EXERCISE PROMPT: All of the data that follows is to be printed exactly, without pictures.

INFORMATION SUPPLIED:
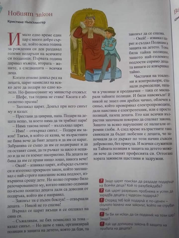 „Читанка за трети клас. Това е дъното! Крайно време е да има допитване до родителите на кое издателство да бъдат учебниците след като Законът допуска такъв избор! Погледнете за какъв изказ става дума, за какво опростачване …. При толкова богато народно творчество, при толкова прекрасни автори и произведения, децата ни да изучават такъв боклук е недопустимо! Изцяло тенденциозен текст, видимо от километри…, толкова долнопробно за четене! А въпросите към текста ги е мислил някой още по-голям умник….“
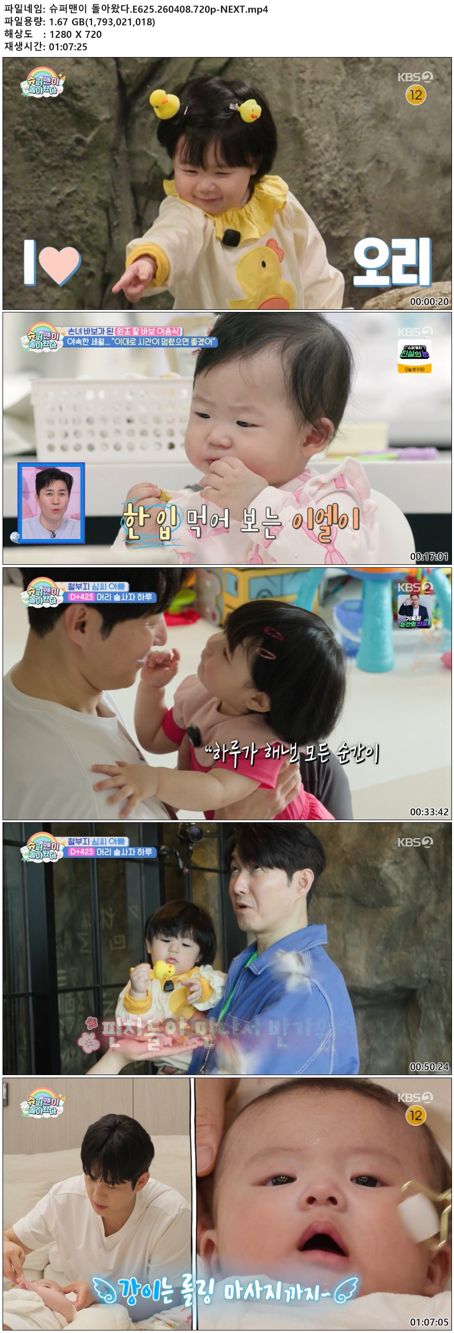 play_circle 동영상 슈퍼맨이 돌아왔다 E625 슈퍼맨이 돌아왔다.E625.260408.720p-NEXT person 환혼*** calendar_today 2026.04.11 visibility 3,006 다운로드 1개 파일 folder_zip 슈퍼맨이 돌아왔다.E625.260408.720p-NEXT.mp4 1.7 GB download
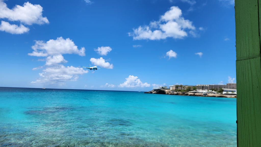 The second day we hit up the airport bar, which is kind of a famous spot in St. Maarten. That's because the airport itself is right on the beach, and when planes come in, they land right there, often coming in low enough to result in some insane photos. I didn't personally grab one this year, but here's one from Shutterstock to give you a pretty good idea. It's trivially easy to take one of these yourself if you hit up the bar across from the airport. The best time to go is on a Saturday between 11am and 2pm; that's when all the flights come in.

ANSWER BOX:
 „Читанка за трети клас. Това е дъното! Крайно време е да има допитване до родителите на кое издателство да бъдат учебниците след като Законът допуска такъв избор! Погледнете за какъв изказ става дума, за какво опростачване …. При толкова богато народно творчество, при толкова прекрасни автори и произведения, децата ни да изучават такъв боклук е недопустимо! Изцяло тенденциозен текст, видимо от километри…, толкова долнопробно за четене! А въпросите към текста ги е мислил някой още по-голям умник….“
 play_circle 동영상 슈퍼맨이 돌아왔다 E625 슈퍼맨이 돌아왔다.E625.260408.720p-NEXT person 환혼*** calendar_today 2026.04.11 visibility 3,006 다운로드 1개 파일 folder_zip 슈퍼맨이 돌아왔다.E625.260408.720p-NEXT.mp4 1.7 GB download
 The second day we hit up the airport bar, which is kind of a famous spot in St. Maarten. That's because the airport itself is right on the beach, and when planes come in, they land right there, often coming in low enough to result in some insane photos. I didn't personally grab one this year, but here's one from Shutterstock to give you a pretty good idea. It's trivially easy to take one of these yourself if you hit up the bar across from the airport. The best time to go is on a Saturday between 11am and 2pm; that's when all the flights come in.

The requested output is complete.